Madi: Mes followers apprécient déjà la qualité des photos qui sont prises mais aussi le contenu. Ils répondent souvent que ça leur donne faim, qu’ils ont envie de manger exactement la même chose, ou qu’à cause de la photo ils vont préparer la même chose. Il y en a qui me disent qu’ils vont sur ma page pour trouver de l’inspiration. J’en suis fière, je suis contente de savoir que ça plait et surtout que j’en inspire d’autres. Une amie à moi voyait souvent les publications sur mon statut WhatsApp, puis elle a vu les mêmes publications sur un autre profil avec mon nom en légende. Elle m’a tout de suite demandé si c’était moi, car elle trouvait cela très beau. Je n’ai que des retours positifs, j’en suis ravie !

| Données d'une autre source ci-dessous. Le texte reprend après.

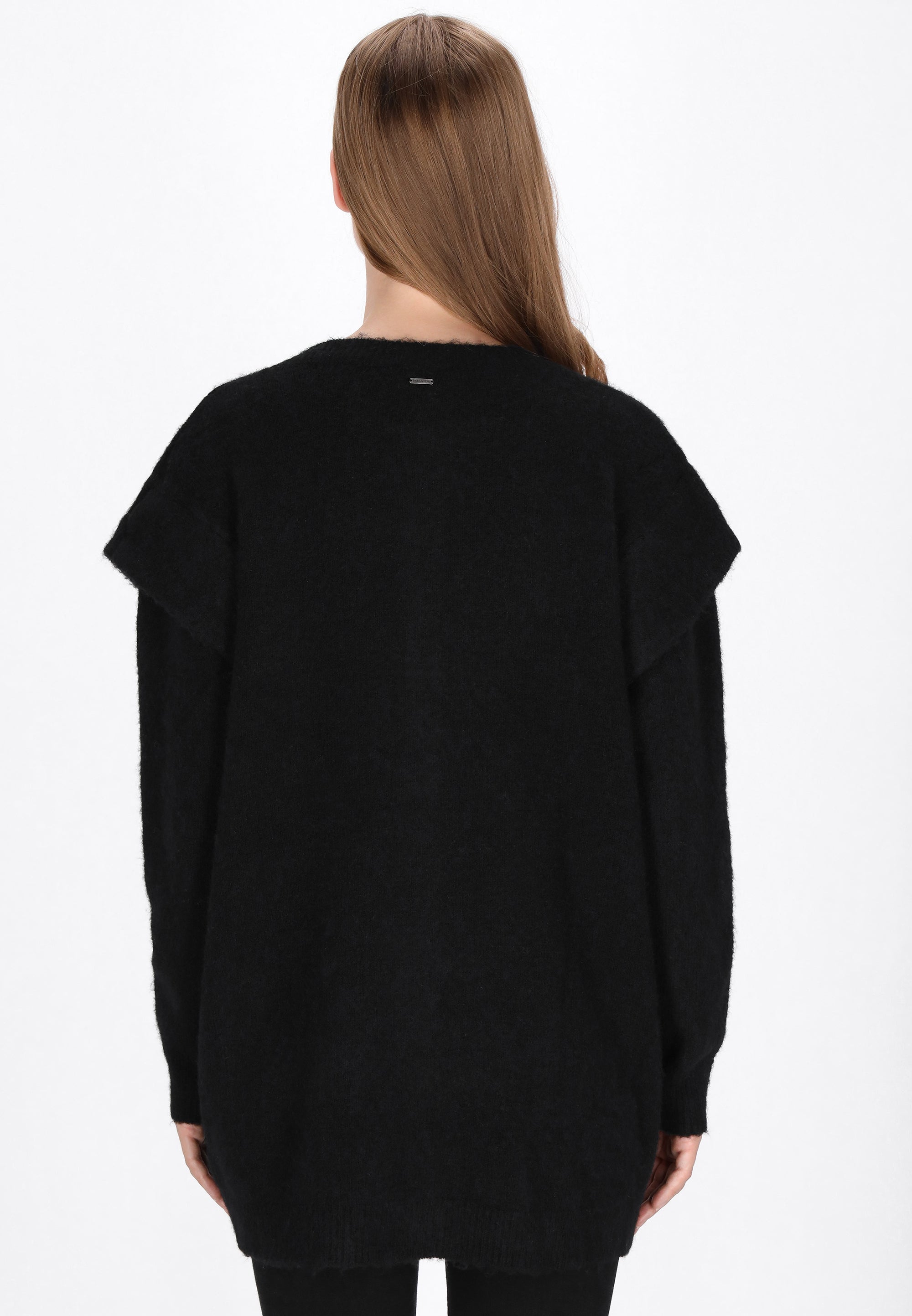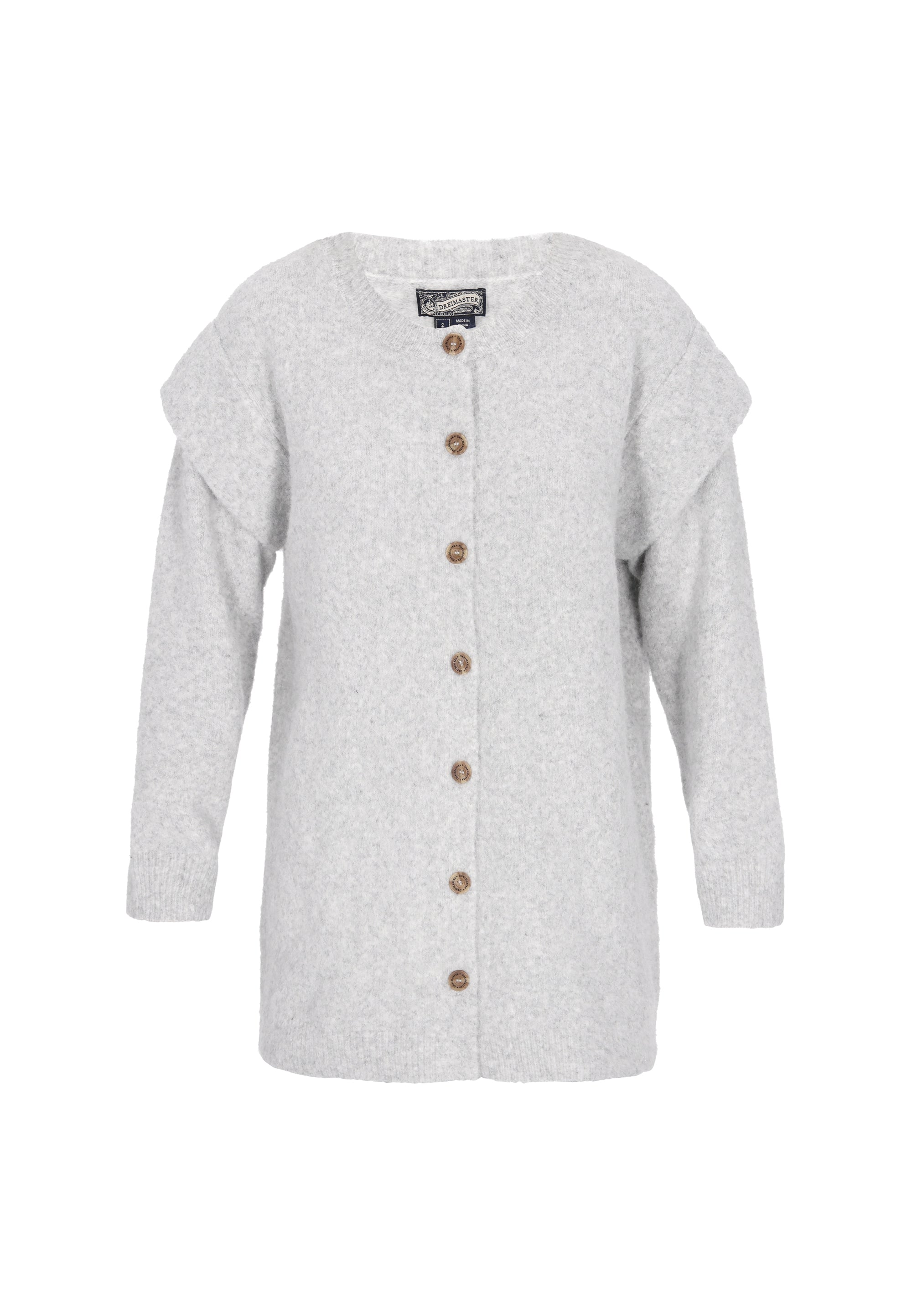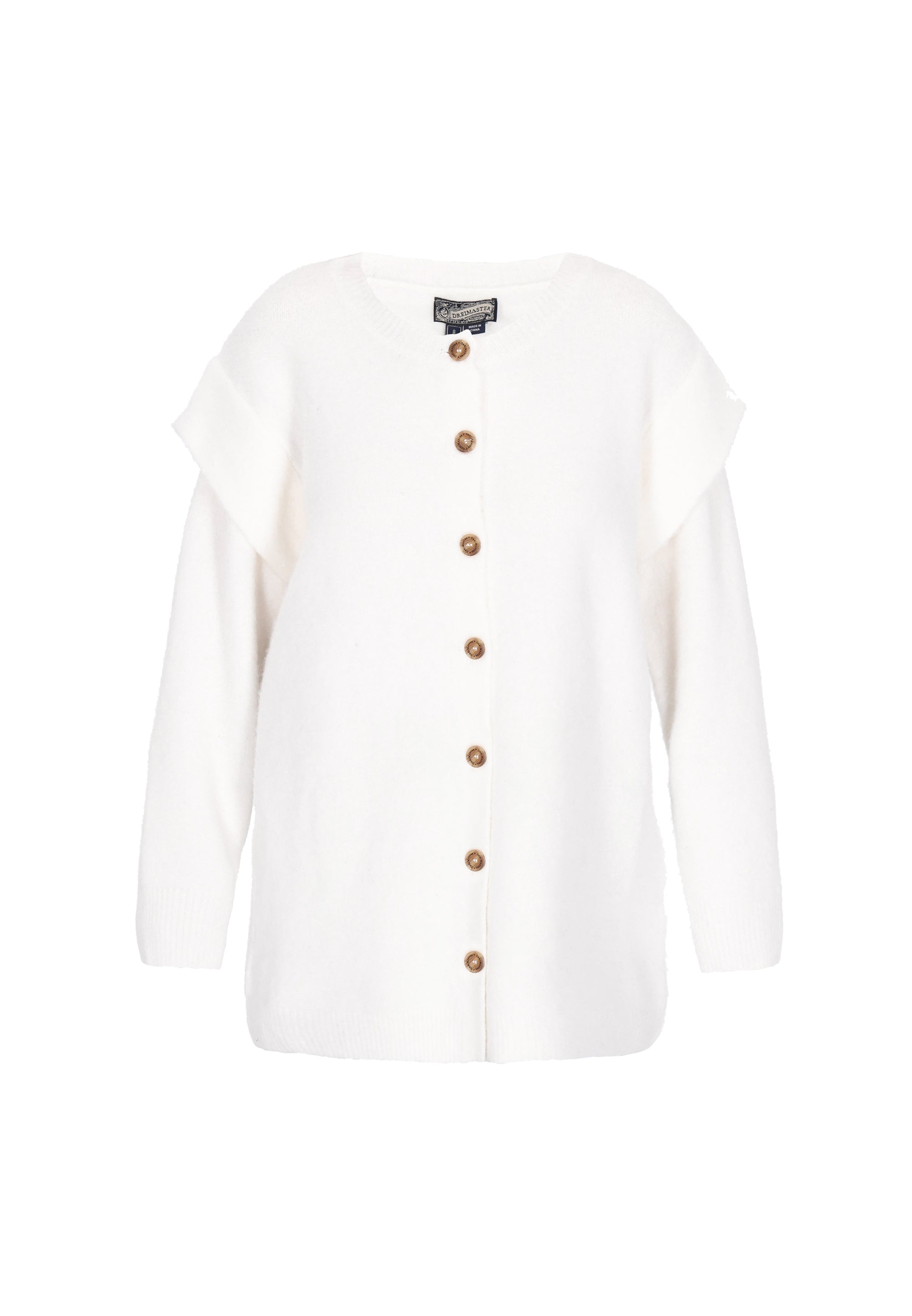 A versatile cardigan from the Vintage Collection, combining timeless style with everyday comfort. Loose cut and lowered shoulder line provide freedom of movement and casual character. The classic round neckline and long sleeves emphasize the simple but stylish form. It is buttoned and made of soft, knitted fabric with a smooth pattern. Perfect for layering - comfortable, casual, yet stylishly retro.

Selomcrys : Via ton compte Instagram tu affirmes que « Cooking is fun » que dirais-tu à ceux qui n’aiment pas cuisiner ou qui se disent pas doués, pour qu’ils s’y mettent ?
Madi: Parfois les gens n’aiment pas cuisiner parce que soit ils ne savent pas cuisiner, soit ils pensent que c’est difficile, que ça demande trop de travail, etc. Mais, s’ils n’essaient pas ils ne sauront jamais comment c’est réellement. Moi je trouve que cuisiner est à la portée de tous. On peut y arriver quand la volonté est réelle. C’est vrai qu’il y a des plats qui sont compliqués à réaliser mais le choix de faire telle ou telle recette appartient justement à celui qui est derrière les fourneaux. C’est vrai certains sont plus doués que d’autres, mais ça s’apprend.
Selomcrys : Tes plats sont élégants et soignés dans leur présentation, est-ce à dire que le plaisir du palais commence par le plaisir des yeux ?
Madi: C’est exactement ça. Si un plat ne donne pas envie visuellement, cela peut être automatiquement associé au goût même si derrière, le plat est très bon. Mon avis est que le plat doit être aussi bon visuellement que sur le plan gustatif. J’aime bien faire les choses et je préfère prendre mon temps et présenter quelque chose de beau plutôt que de présenter un plat qui ne donne pas envie. Un plat qui n’est pas beau peut le desservir.